THE HOUSE AND Senate are circulating proposals for a compromise on an overdue spending bill, and the one idea that has had a public airing would leave out a $50 million infusion to the MBTA that both chambers have already agreed to.

House Speaker Robert DeLeo, who five months ago said the T was in “crisis,” recently indicated his willingness to set aside that supplemental transit funding and all other discretionary spending from the must-pass legislation. In addition to shoring up accounts that have fallen into deficiency, the competing spending bills passed by the House and Senate would also carve up the roughly $1 billion surplus, and finally close the books on fiscal 2019.

“The House is willing to pass a budget that would include no discretionary funding,” DeLeo wrote to Baker administration officials in a letter Monday that was reported on by the State House News Service. “We stand ready to include only the spending necessary to ensure that no account would end FY19 in deficiency and time sensitive policy sections.”

The House and Senate have been at loggerheads over the legislation, and as negotiations have extended beyond the last roll call of 2019, legislative leaders have squandered some of their control over any bill. The speaker’s letter was sent to administration officials, not Senate President Karen Spilka, who is his counterpart in crafting a bill to send to the governor’s desk. No Senate proposals have been made public the way DeLeo’s offer was, but Spilka said that she has also put something on the table.

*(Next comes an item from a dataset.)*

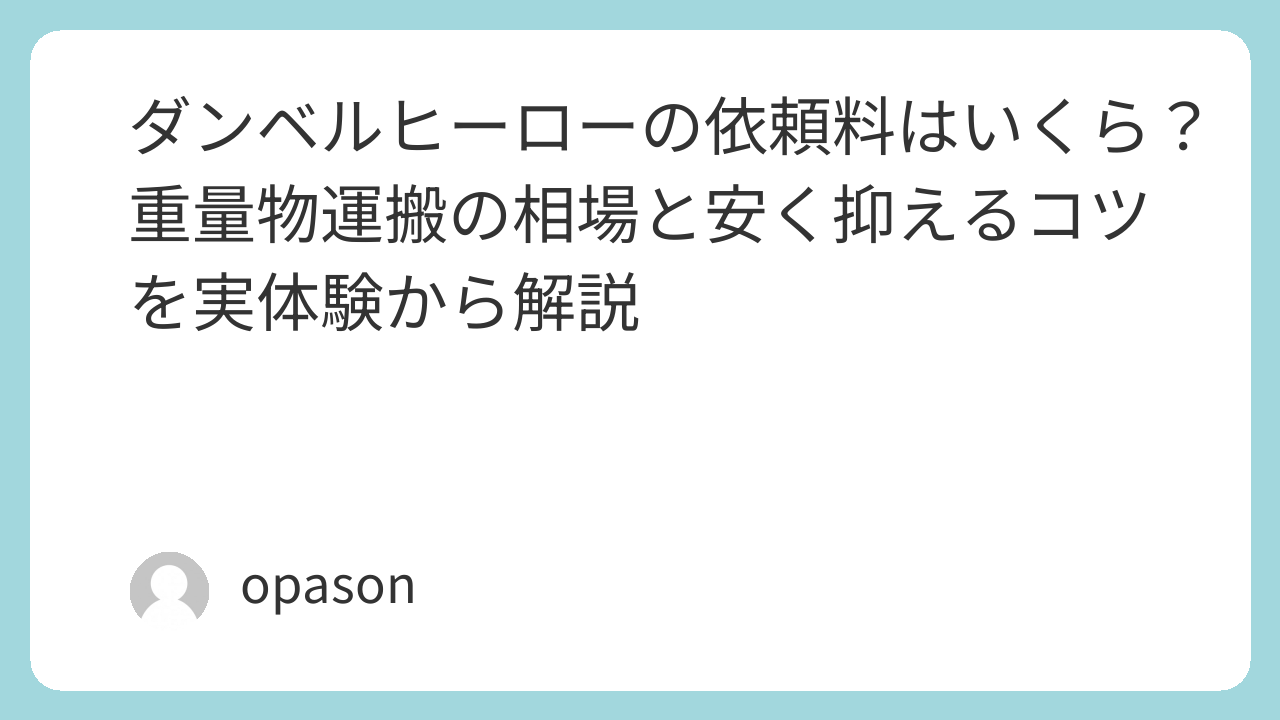 ダンベルヒーローの依頼料はいくら?重量物運搬の相場と安く抑えるコツを実体験から解説

“We are awaiting a response to compromise proposals we sent last week,” Spilka said in a statement. “I don’t believe that spending is the issue or that spending cuts are the answer, but we’re confident that we can resolve this.”

In his letter Monday, the speaker said additional discretionary spending could be revisited “later in the session,” while the “focus at this late date needs to be on paying the Commonwealth’s bills in order to close the books of FY19.”

The deal proposed in DeLeo’s letter would leave unresolved one of the biggest disagreements between the two branches – the House’s proposal to provide some new tax relief to corporations. Under the 2017 federal corporate tax cut law, Massachusetts companies would face a stricter cap on the amount of deductions they can claim on their debt service payments. The House provision would remove that federal cap, allowing some companies to deduct more from their tax liability. Proponents of the House provision contend that it would allow companies to avoid a tax hike while opponents describe it as a corporate tax break.

The deal the speaker described in his letter would also leave in limbo spending proposals on which the House and Senate both agree, including a bundle of cash for the state’s troubled transit agency. Both the House and the Senate agreed with Gov. Charlie Baker’s proposal to pour $50 million into the MBTA to help it make capital repairs. The only real difference between the House and Senate versions is the Senate proposal calls for some additional reporting requirements about the impacts of the additional funding.

DeLeo did not stop for questions in a State House hallway on Tuesday. His stance on the spending bill seems at odds with the urgency he expressed about the MBTA earlier this year.

After the governor first suggested another $50 million for a “flex force” at the MBTA in June, DeLeo said the transit agency is in crisis, and he would support a “more immediate infusion of funds, but only in the context of the larger debate – the long term funding of a strategic investment plan for the MBTA.”

Two weeks ago, DeLeo announced that the larger House debate about raising revenue to invest in transportation improvements would be pushed back to next year.

The T has a roughly $2 billion annual budget, and it’s unclear exactly how the $50 million would be spent, but the overall intention would be to support the T’s construction and repair program. In general, the T would use the funding for 200-plus employees across a variety of departments to work on both operating and capital projects, according to a T spokesperson.